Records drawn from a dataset
= = = =
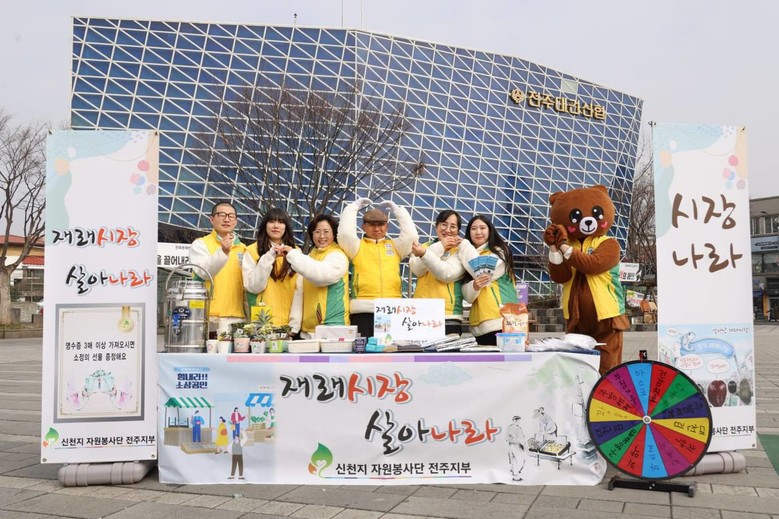 명절을 앞두고 지역경제를 살리고자 전주 풍남문시장 상인회(회장 김홍기)와 지속적인 교류를 해 온 신천지 자원봉사단 전주지부 (지부장 최중일 이하 전주 지부) 회원들이 그 주인공이다.
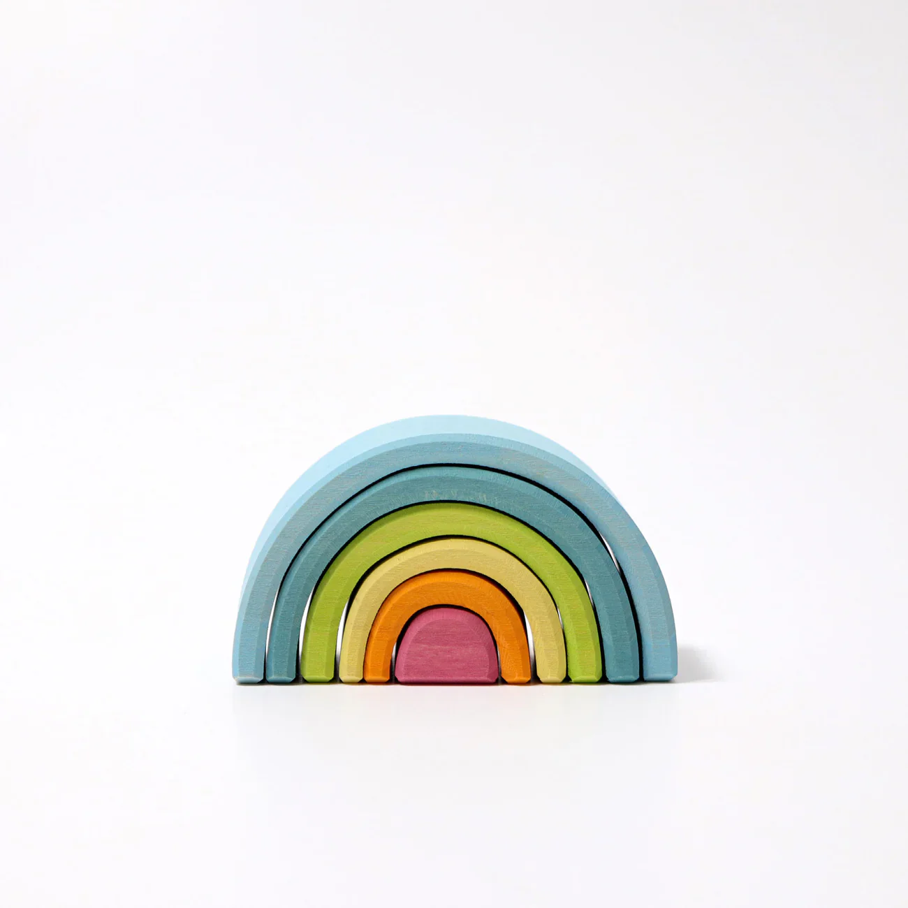 Cet arc-en-ciel empilable offre mille et unes possibilités pour les touts-petits comme pour les bambins! Évolutif, il peut être utilisé tout d’abord comme jouet à empiler ou jouet d’équilibre, et peut éventuellement se transformer en petit pont pour les voitures, mobilier pour poupées, sculpture abstraite, etc! Un jouet polyvalent à intégrer au plus vite à la salle de jeu!
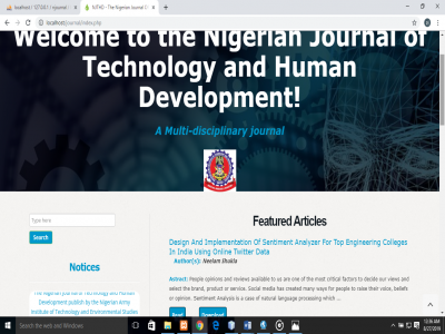 It is quite evident that the publication of the Nigerian Journal of Technology and Human Development has posed a lot of challenges especially the time constraint taken to carry out the publication processes. The question therefore is, should the institutions continue to run the journal system at the current level or should the process be automated? Although this problem is not restricted to only the Nigerian Army Institute of technology and environmental studies (NAITES), in recent time, the quest for automated system has been in view in various sectors of endeavor. Some of the Problems associated with the current journal system includes; human errors such as typography and redundancy, publication timing, Loss of manuscripts before or after the assessment, Contributors that are not near Makurdi experience difficulties in submitting their articles for publications, because articles are only sourced out for publications when conferences are been held by the Nigerian Army Institute Of Technology and Environmental Studies (NAITES) Makurdi.
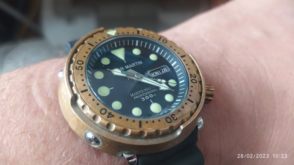 Ίσως ο τρόπος που το έγραψα να έδωσε λάθος εντύπωση. Ίσα ίσα που το εκτιμώ πάρα πολύ. Το θέμα με τη μη ευθυγράμμιση της μέρας λύθηκε μετά από μερικές φορές. Το μόνο μείον είναι ότι το πιάσιμο της στεφάνης δεν είναι πολύ σταθερό αλλά δε με ενοχλεί. Τώρα που έφυγε η γυαλάδα που είχε αρχικά μου αρέσει περισσότερο αλλά από τη μια θέλω να το αφήσω να κάνει μόνο του την πατίνα αλλά από την άλλη με γαργαλάει να την επιταχύνω λίγο. Η κατασκευή του είναι προσεγμένη και το θέμα που ανάφερα για το "λίγο κοφτερό" τμήμα ανάμεσα στα lugs το είπα γιατί θεωρώ ότι δε συνάδει με το υπόλοιπο φινίρισμα. Το φοράω και το χαίρομαι και περιμένω να έρθει το καλοκαίρι ώστε ο ιδρώτας και η αλμύρα να επέμβουν πάνω του και να του δώσουν την πολυπόθητη για μένα εικόνα της πατίνας
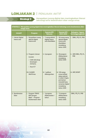 STRATEGI 3 Merapatkan jurang digital dan meningkatkan literasi teknologi serta keselamatan siber warga emasInisiatifProgramSasaran KPI TahunanSasaran KPI 2025-2030Bahagian / Agensi Bertanggungjawab1.Literasi digital mesra usiai.Penyediaan ruang aktiviti digital mesra usiai.7 ruang aktiviti digital mesra usia disediakani.30 ruang ruang aktiviti digital mesra usia disediakan menjelang tahun 2030i.DBKL, PPj, PL, PKBii.Program LiterasiContoh:%u2022Celik teknologi kewangan (FinTech);%u2022Asas ICTii.6 programii.30 program dilaksanakan menjelang tahun 2030ii.JWP, DBKL, PPj, PL, PKBiii.E-GAMES Aktif Emasiii.1 aplikasi dibangunkaniii.100 warga emas terlibat dalam aktiviti e-sukan ringan, permainan interaktif atau senaman digital menjelang tahun 2030iii.JWP, MSWP2.Keselamatan Siberi.Program %u201cEMAS Klik Dengan Bijak%u201d %u2013 Program keselamatan siberi.3 program dilaksanakan / tahuni.15 program dilaksanakan menjelang tahun 2030DBKL, PPj, PL, PKBMerapatkan jurang digital dan meningkatkan literasi teknologi serta keselamatan siber warga emasStrategi 3LONJAKAN 2 PENUAAN AKTIF68
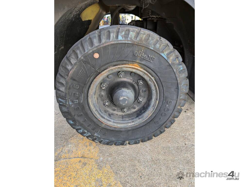 Unit is equipped with integral side-shift and solid tyres.
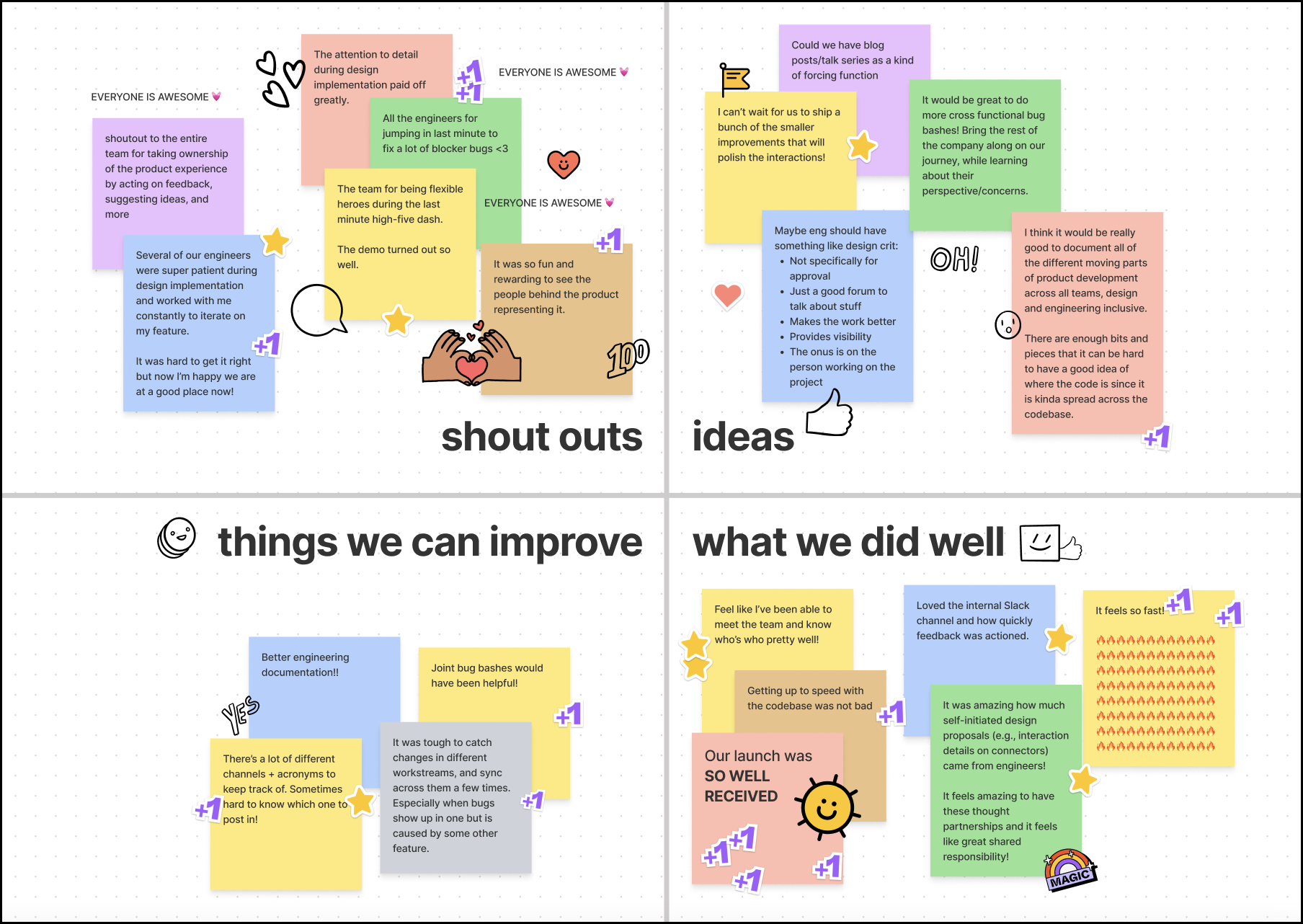 We recently shared how the PM team runs retrospectives in FigJam. Other teams follow the same template, including what went well, areas for improvement, shout-outs, and ideas for future building. In a recent retrospective including engineering, design, and product management, Engineer Karl Jiang noted that FigJam creates a low barrier to entry for people who are shy about giving feedback. This is the real power of FigJam stickies—auto-labeling provides an advantage for widespread teams with varied levels of verbal participation: in FigJam, everyone's contributions are automatically visible from a quick scan.
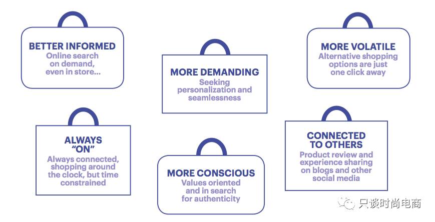 顾客时刻连线(always on),自认为是“地球公民”。需求更多变,视野更广阔。因为能接触到海量信息,她/他更加关注商品的真正价值。可能把不同的品牌和设计师的商品混搭,以满足个性需求。年轻一代异常钟情表达自我,他们在网上各种晒。时尚也只是他们表达自我的工具。
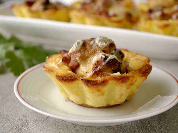 Продукты для приготовления тарталеток из картофеля с начинкой - перед вами.
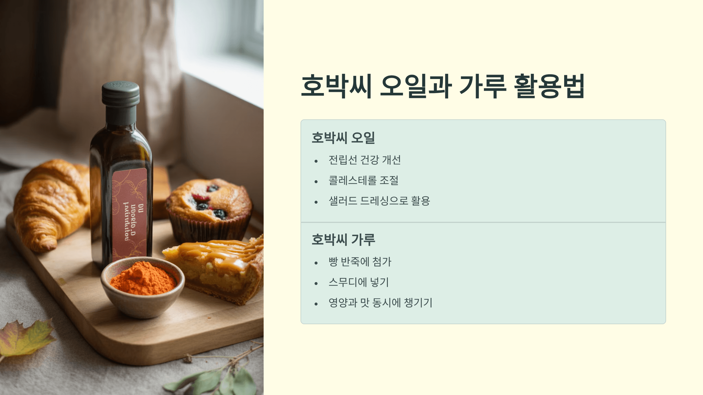 호박씨를 그대로 먹는 것도 좋지만, 오일이나 가루 형태로 활용하면 더 다양한 방식으로 즐길 수 있습니다. 호박씨 오일은 전립선 건강과 콜레스테롤 개선에 효과적이며, 샐러드 드레싱으로 쓰면 고소한 풍미를 더해줍니다. 또 호박씨 가루는 빵이나 스무디에 넣으면 영양과 맛을 동시에 챙길 수 있어요. 저는 주말마다 스무디에 호박씨 가루를 넣어 먹는데, 든든하고 활력이 생깁니다.
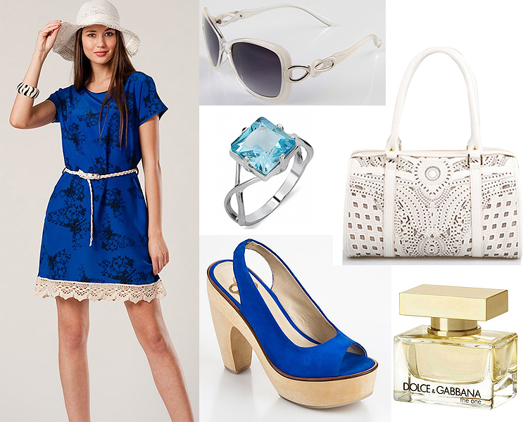 Etek ucu nostaljik dantel kupürleri ile süslü, üzerinde kelebek baskıları bulunan saks mavisi mini bir elbiseyi; yine aynı ton süetten oluşan tabanı açık renk tahtadan çok tarz bir sandalet ve etek ucundaki dantel motifleri ile birebir uyacak dantel şeklinde işlenmiş bej – beyaz renkli deri bir çanta ile kombinledim.
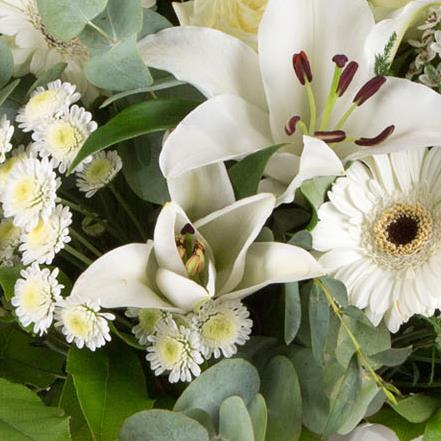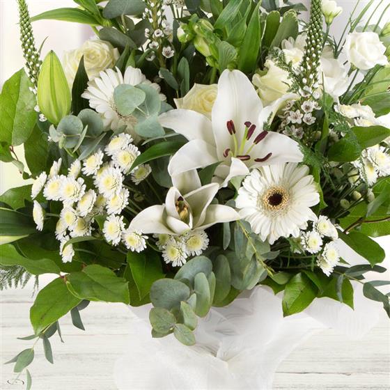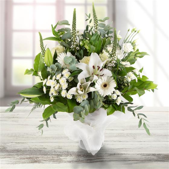 An elegant hand-tied bouquet of white lilies, roses, mini gerberas, chrysanthemums and flowing foliage.choice of flowers depends on stock available
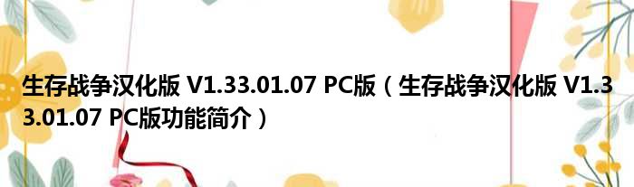导读 大家好,关于生存战争汉化版 V1 33 01 07 PC版,生存战争汉化版 V1 33 01 07 PC版功能简介这个很多人还不知道,小勒来为大家解答以上的问
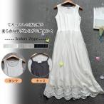 インナーペチワンピース 花柄 刺繍 レース キャミソールワンピース 膝丈 ミモレ丈 ノースリーブ ペチコート スリップ ドッキングワンピース インナー ミディアム キャミソール 春 夏 秋 重ね着 通勤 春 着痩せ 上品 レイヤード ホワイト 白 ベージュ 大人可愛い 森ガール
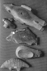 Oficinas líticas: Sabe aquelas marcas nas pedras negras que parecem “unhadas de dinossauro e pratos de índios”, como diziam os antigos? Pois bem, ali os sambaquianos faziam suas peças de pedra, desgastando uma pedra na outra, saiam facas, flechas, baleias, golfinhos e utensílios práticos para o dia a dia (veja as fotos abaixo).
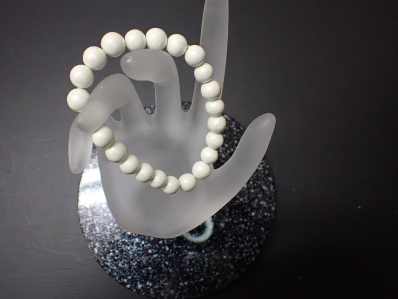 8mm玉で玉川温泉産25玉、重さ20g、サイズは手首18cmまで、線量15.30μSv/hr以上の物。光沢ありパールホワイト。
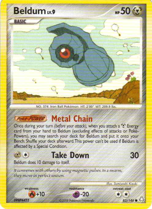 | Type | Metal | | Pokemon serie | Legends Awakened | | Stadie | Basic | | HP | 50.0 | | Sjældenhed | Common | | Tilbagetrækning | 2.0 | | Modstand | P-20 | | Svaghed | R+10 | | Kortnummer | 83 | | Evne | of attacks or Poke-Powers), you may search your deck for Beldum and put it onto your Bench. Shuffle your deck afterward. This power can't be used if Beldum is affected by a Special Condition. (Poke-POWER)
= = = =
■ TO DO ■
Please print the lines above word for word, starting at the one with "STRATEGI 3 Merapatkan" and ending at the one with "Unit is equipped", both included, and without any picture.

■ TASK RESULT ■
 STRATEGI 3 Merapatkan jurang digital dan meningkatkan literasi teknologi serta keselamatan siber warga emasInisiatifProgramSasaran KPI TahunanSasaran KPI 2025-2030Bahagian / Agensi Bertanggungjawab1.Literasi digital mesra usiai.Penyediaan ruang aktiviti digital mesra usiai.7 ruang aktiviti digital mesra usia disediakani.30 ruang ruang aktiviti digital mesra usia disediakan menjelang tahun 2030i.DBKL, PPj, PL, PKBii.Program LiterasiContoh:%u2022Celik teknologi kewangan (FinTech);%u2022Asas ICTii.6 programii.30 program dilaksanakan menjelang tahun 2030ii.JWP, DBKL, PPj, PL, PKBiii.E-GAMES Aktif Emasiii.1 aplikasi dibangunkaniii.100 warga emas terlibat dalam aktiviti e-sukan ringan, permainan interaktif atau senaman digital menjelang tahun 2030iii.JWP, MSWP2.Keselamatan Siberi.Program %u201cEMAS Klik Dengan Bijak%u201d %u2013 Program keselamatan siberi.3 program dilaksanakan / tahuni.15 program dilaksanakan menjelang tahun 2030DBKL, PPj, PL, PKBMerapatkan jurang digital dan meningkatkan literasi teknologi serta keselamatan siber warga emasStrategi 3LONJAKAN 2 PENUAAN AKTIF68
 Unit is equipped with integral side-shift and solid tyres.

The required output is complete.